Я попросил у Ливии разрешения жениться на Элии, и она дала его, с усмешкой пожелав мне счастья. Она даже присутствовала на бракосочетании. Свадьба была роскошная — об этом позаботился Сеян, — и одним из ее последствий было охлаждение между мной и Агриппиной с Нероном, а также их друзьями. Они думали, будто я не смогу ничего держать в секрете от Элии, а Элия станет рассказывать Сеяну все, что ей удастся узнать.
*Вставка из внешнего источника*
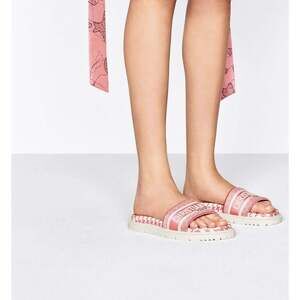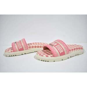 Christian Dior Dway Pink White Logo Houndstooth Slide Mule Flat Flop Sandal 38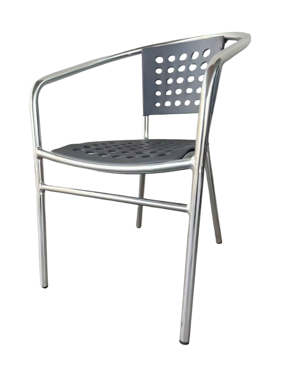 This aluminum arm chair features a sleek silver finish and is designed for outdoor use. Its lightweight construction ensures easy mobility, while the plastic seat and back offer cool comfort, making it an ideal choice for both residential and commercial patios. Durable and weather-resistant, it combines practicality with modern style.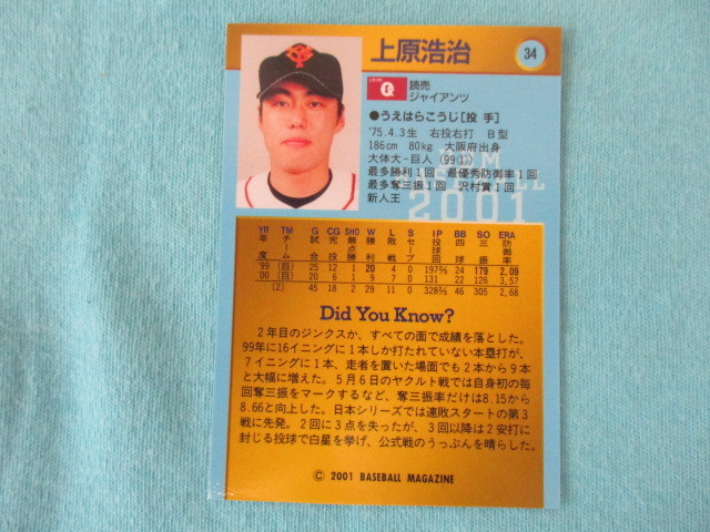★BBM 2001★〔34 上原浩治 読売ジャイアンツ〕サイン(印刷)トレカ♪

Это очень меня огорчило, но я видел, что переубеждать Агриппину бесполезно. (В это время она была в трауре по своей сестре Юлилле, умершей после двадцатилетнего изгнания на этом жалком островке Тремерии.) Поэтому я постепенно перестал навещать ее, чтобы не ставить нас обоих в неловкое положение. Мы с Элией лишь номинально были мужем и женой. Когда мы вошли в брачную опочивальню, она мне первым делом сказала:
— Имей в виду, Клавдий, я не желаю, чтобы ты касался меня, и если нам когда-нибудь придется спать вместе, как сегодня, между нами будет одеяло; только шевельнешься — вылетишь вон. И еще одно: ты не вмешиваешься в мои дела, я — в твои…
Я сказал:
— Спасибо, ты сняла тяжкий камень с моей души.
Элия была ужасная женщина. У нее был громкий, напористый голос, как у аукциониста на невольничьем рынке, и такое же, как у него, красноречие. Вскоре я даже не пытался ей отвечать. Само собой, я по-прежнему жил в Капуе. Элия никогда не приезжала туда ко мне, но Сеян настаивал, чтобы, бывая в Риме, я как можно чаще показывался вместе с ней на людях.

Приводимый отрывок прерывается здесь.